Decisamente non è un bagno di felicità, la fiducia nel futuro scarseggia e la serenità nella propria pelle non risulta proprio pervenuta. Anzi, è una chiara presa d’atto della paura che si può incontrare, che si annida in tante forme diverse sulle strade di ciascuno.

La ribellione in una sfilza lunghissima di magoni è stata martedì sera quella di Jovanotti: parte da fuori dall’Ariston con l’energia dei Rockin’ 1000 che lo accompagnano nel suo Ombelico del mondo e prosegue il medley mentre brillante e tutto vestito d’oro entra nel teatro e guadagna il palco, dove porta – con tutti i suoi 58 anni, parecchi di più della maggior parte dei concorrenti in gara – una goccia d’ottimismo. E lo confessa con un certo candore, che a lui in fondo piace tutto, «pure la vispa Teresa», pure tutte e 29 le canzoni in gara quest’anno, e se a qualcuno non vanno a genio peggio per lui. L’approccio sopra le righe che lo ha sempre caratterizzato si è cristallizzato in una fiducia ferrea nel fatto che le cose si sistemeranno e non c’è da aver paura. Una visione del mondo.

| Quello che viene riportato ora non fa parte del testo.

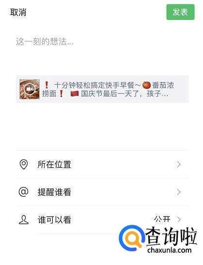 微信朋友圈的转发也是一样的道理,点击后会打开发布的界面,点击【发表】即可。
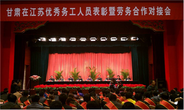 3月16日,甘肅在江蘇優(yōu)秀務(wù)工人員表彰會暨勞務(wù)合作對接會在寧舉行,甘肅省14個城市當天分別與我省13個省轄市及昆山市簽訂了對口勞務(wù)協(xié)作聯(lián)系協(xié)議。會議特別指出,甘蘇兩省勞務(wù)合作日益密切,已探索出服務(wù)管理全程化的“蘇州模式”和培訓就業(yè)一體化的“宿遷模式”,呈現(xiàn)全面合作、互利共贏的良好局面。
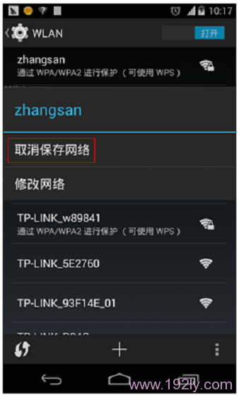 進(jìn)入WLAN設(shè)置頁面,選中需刪除的WiFi信號(例如“zhangshan”),長按后選擇“取消保存網(wǎng)絡(luò)”或類似選項(xiàng)以移除記錄。
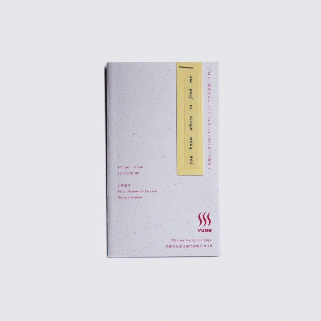 個展 "you know where to find me" 〔何処にいるか知っているでしょ/いつでも連絡してね〕
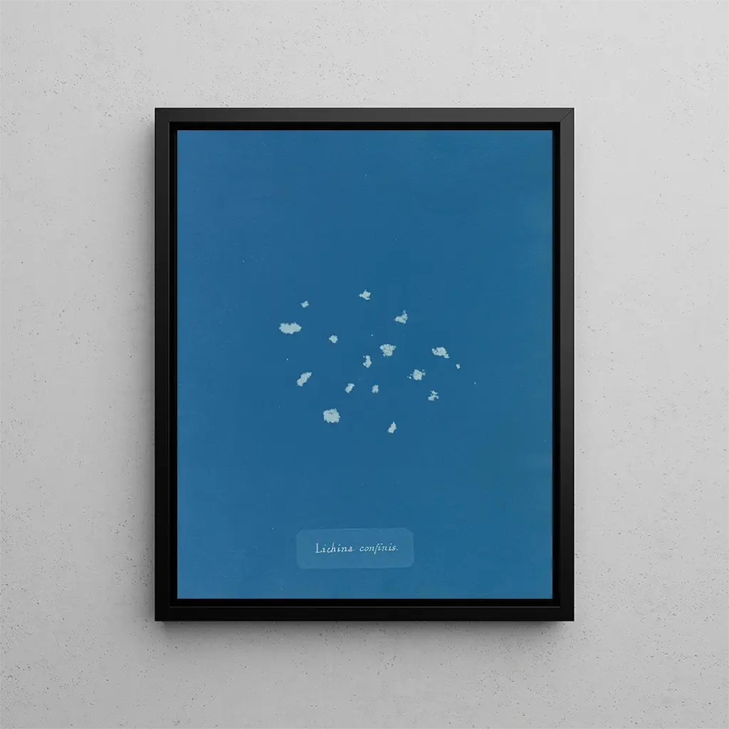 In the fascinating world of photography and botanical art, "Lichen Border - Anna Atkins" stands out for its innovative and poetic approach. This iconic work, created by one of the first female photographers, embodies the harmony between nature and art. Anna Atkins, a pioneer of cyanotype, captured the ephemeral beauty of lichens, these fascinating organisms that testify to the richness of biodiversity. The art print of this piece invites viewers to immerse themselves in a delicate universe, where light and shadow dance on paper, revealing textures and shapes of rare elegance. Style and uniqueness of the work The uniqueness of "Lichen Border" lies in its bold use of cyanotype, a photographic technique that produces deep, vibrant blue impressions. Anna Atkins expertly exploited this method to create delicate compositions, where every detail is carefully highlighted. Lichens, often perceived as trivial elements of nature, here take on an almost sculptural dimension. The contrast between shades of blue and the whiteness of the paper creates a distinctive aesthetic, where the simplicity of forms reveals an unsuspected complexity. This work transcends the boundaries of botany and art, offering a reflection on the relationship between humans and nature, while celebrating the intrinsic beauty of natural elements. The artist and her influence Anna Atkins, born in 1799, is often recognized as the first woman to publish an illustrated book of photographs. Her work not only marked the history of photography but also paved the way for a new way of perceiving science and art. By focusing on lichens and photographing them, she combined her love for botany with an artistic approach, creating works that continue to inspire future generations. Her influence is felt in contemporary artistic movements, where nature is often celebrated through innovative practices. Anna Atkins demonstrated that art can be a powerful means of raising awareness about the fragile beauty of our environment, a message still relevant in today's context of growing environmental concerns.

Di paura ha parlato anche Willie Peyote in conferenza stampa. Gli hanno chiesto se si sente solo con il suo testo politico, praticamente l’unico, e perché gli altri artisti non hanno scelto l’impegno quest’anno.

Peyote ha tirato in ballo l’individualismo: «A me manca il senso di collettività in cui sono cresciuto e che credo vada difeso. I tempi in cui viviamo ci portano a difendere l’orticello in cui viviamo. La paura ci fa stare da soli».

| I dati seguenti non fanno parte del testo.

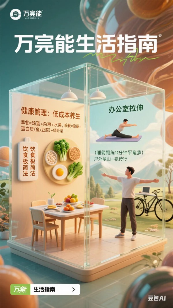 - 微运动习惯:久坐时做“办公室拉伸”(扩胸、颈椎绕环),睡前练10分钟平板支撑,周末爬山/骑行替代躺平。
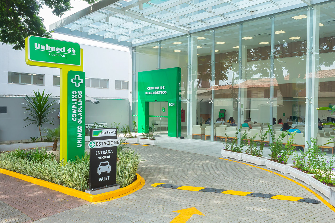 聯合系統是世界上最大的醫療合作系統,也是巴西最大的醫療援助網絡,覆蓋該國 84% 的領土。Luan Piani受邀為其瓜盧流斯市鎮的聯醫診斷中心進行導視系統設計。
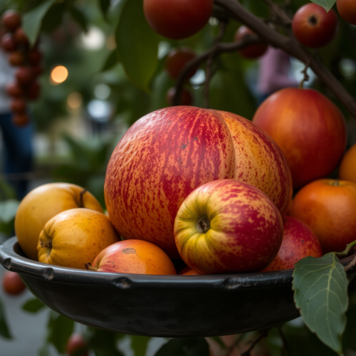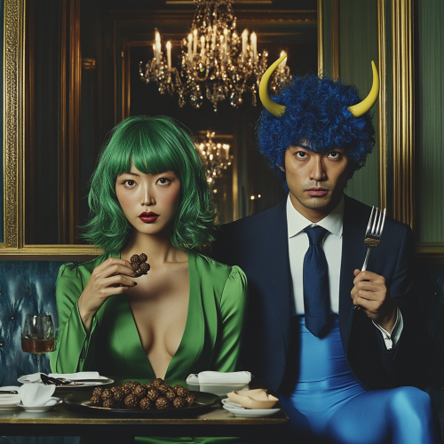 Futuristic Japanese Couple in Spaceship with Fruit
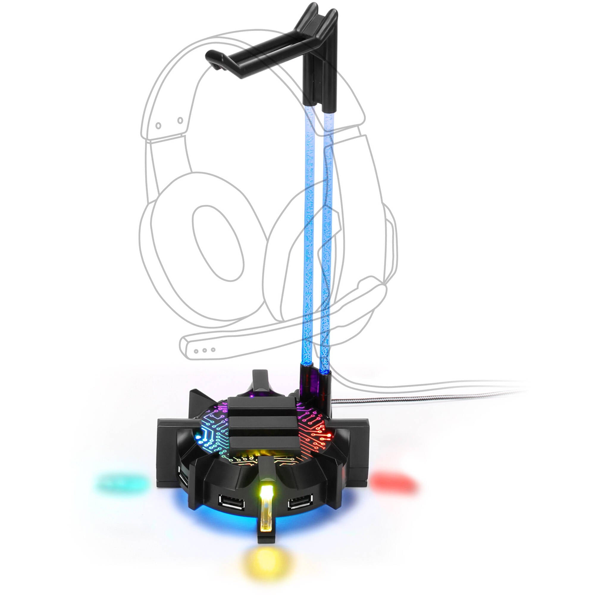 The Enhance Gaming Headset Stand and Gaming Hub has four USB ports and boasts a flexible transparent acrylic neck that responds to seven LED modes to match your gaming setup. The neck features non-slip rubberized feet, and a counterbalanced base that stabilizes heavier headsets. The four USB 2.0 ports transform the holder into a multi-use station to connect items like keyboards and gaming mice, while you can simply store your headset on the stand's hanger.
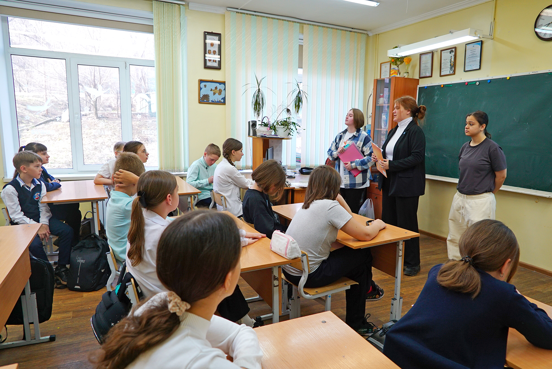 Активисты студенческого научного общества ВВГУ и студенты Академического колледжа провели «Разговоры о важном» с учащимися 5-х и 10-х классов школ № 56 Владивостока. В рамках мероприятия в формате «Ученые в школу» молодые исследователи представили доклады, посвященные 80-летию Великой Победы и событиям Великой Отечественной войны.

A non stare da soli, paradossalmente, riescono i fan che restano fuori dall’Ariston. Quasi tutti i concorrenti hanno la loro location brandizzata in cui chi li cerca può trovarli. Il Villain cafè, il food truck di Tony Effe, i bar di Achille Lauro e La farmacia dell’amore di Clara. Tutti posti che attirano nugoli di persone ansiose di uno sguardo sul beniamino, entusiaste di fronte alla possibilità di ottenere un selfie. Dentro quei gruppi, di solitudine non ce n’è, forse neanche di paura, in attesa che l’eroe di turno si rivolga nella direzione giusta per uno scatto rubato. C’è una specie di comunità, il senso che si è lì tutti per lo stesso scopo. Che poi duri poco o sia una gioia effimera non importa.

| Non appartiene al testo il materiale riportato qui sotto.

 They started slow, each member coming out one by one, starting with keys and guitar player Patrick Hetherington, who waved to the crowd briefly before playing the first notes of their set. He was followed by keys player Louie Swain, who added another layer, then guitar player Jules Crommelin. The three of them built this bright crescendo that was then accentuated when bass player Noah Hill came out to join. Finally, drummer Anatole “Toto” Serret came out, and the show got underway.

Perché come dice Dario Brunori, imbracciando la chitarra e auspicando che le canzoni di Sanremo siano tutte canzoni contro la paura, «ma non ti sembra un miracolo/Che in mezzo a questo dolore/E tutto questo rumore/A volte basta una canzone/Anche una stupida canzone/Solo una stupida canzone/A ricordarti chi sei».